Here is what I'm getting back:

[email protected]:~$ /etc/fstab
bash: /etc/fstab: Permission denied

[email protected]:~$ umount /dev/sda3
umount: /dev/sda3 is not mounted (according to mtab)
[email protected]:~$ mount -t ntfs-3g /dev/sda3 /mnt/sda3 -o forc
mount: only root can do that
[email protected]:~$ ls /mnt/sda3
ls: cannot access /mnt/sda3: No such file or directory
[email protected]:~$


----------



## lotuseclat79 (Sep 12, 2003)

Hi minierv,

Assuming /devsda3 is not already mounted.

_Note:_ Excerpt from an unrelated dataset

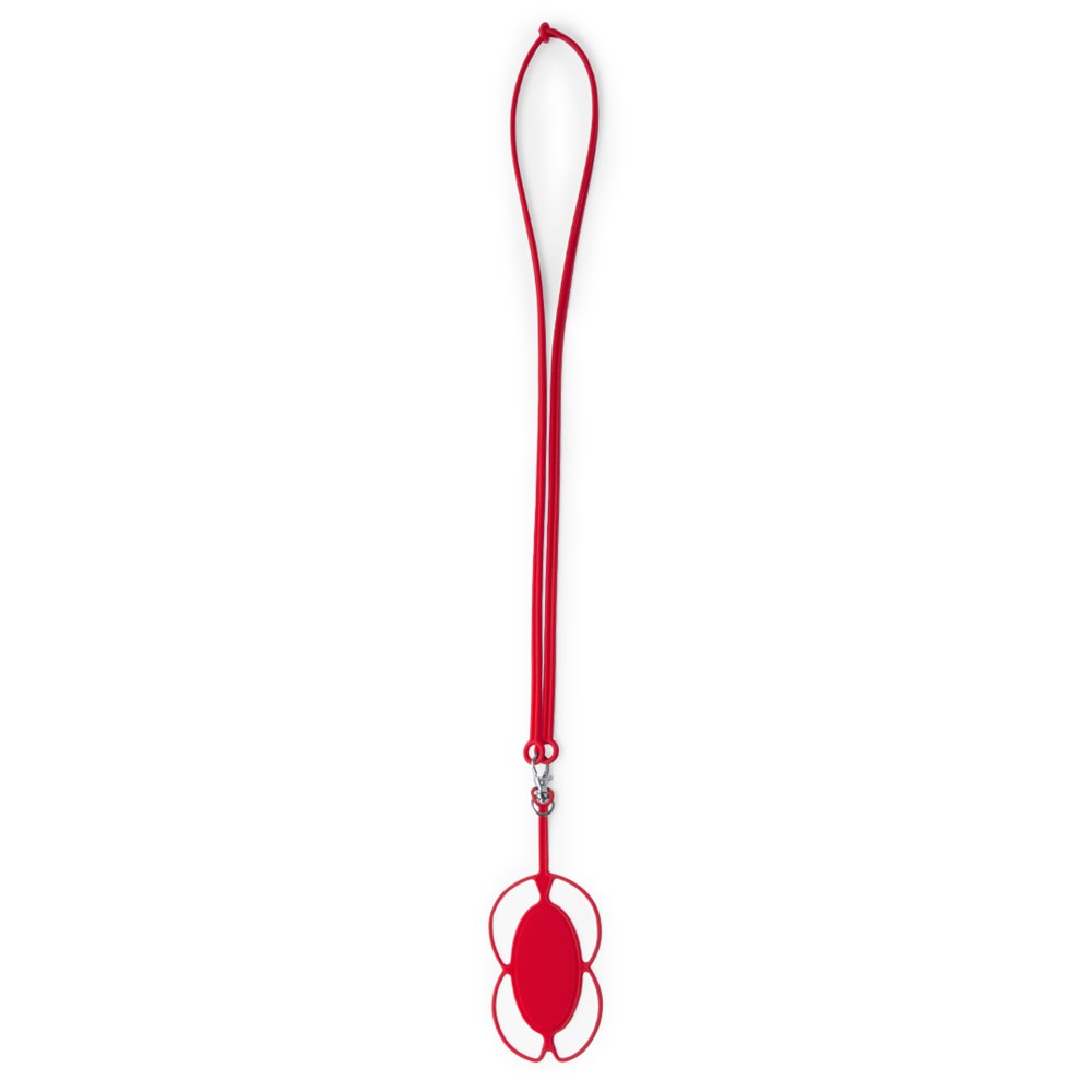 Praktischer und bequemer Silikon-Lanyard in auffälligen Farben mit integriertem Smartphone-Halter. Mit Stopper und Befestigungskarabiner.

Try using sudo in front of the commands: mount, umount, e.g.:
[email protected]:~$ sudo mount -t ntfs-3g /dev/sda3 /mnt/sda3 -o force
or
just get into the root account with:
[email protected]:~$ sudo -i
# mount -t ntfs-3g /dev/sda3 /mnt/sda3 -o force

-- Tom


----------



## saikee (Jun 11, 2004)

All the activities related to the system files require root privileges and a user can only execute them as a root user. This is the price a Linux user must pay to operate the system safely. Whenever permission is denied and no reaction from the kernel it is because the user has no root privilege.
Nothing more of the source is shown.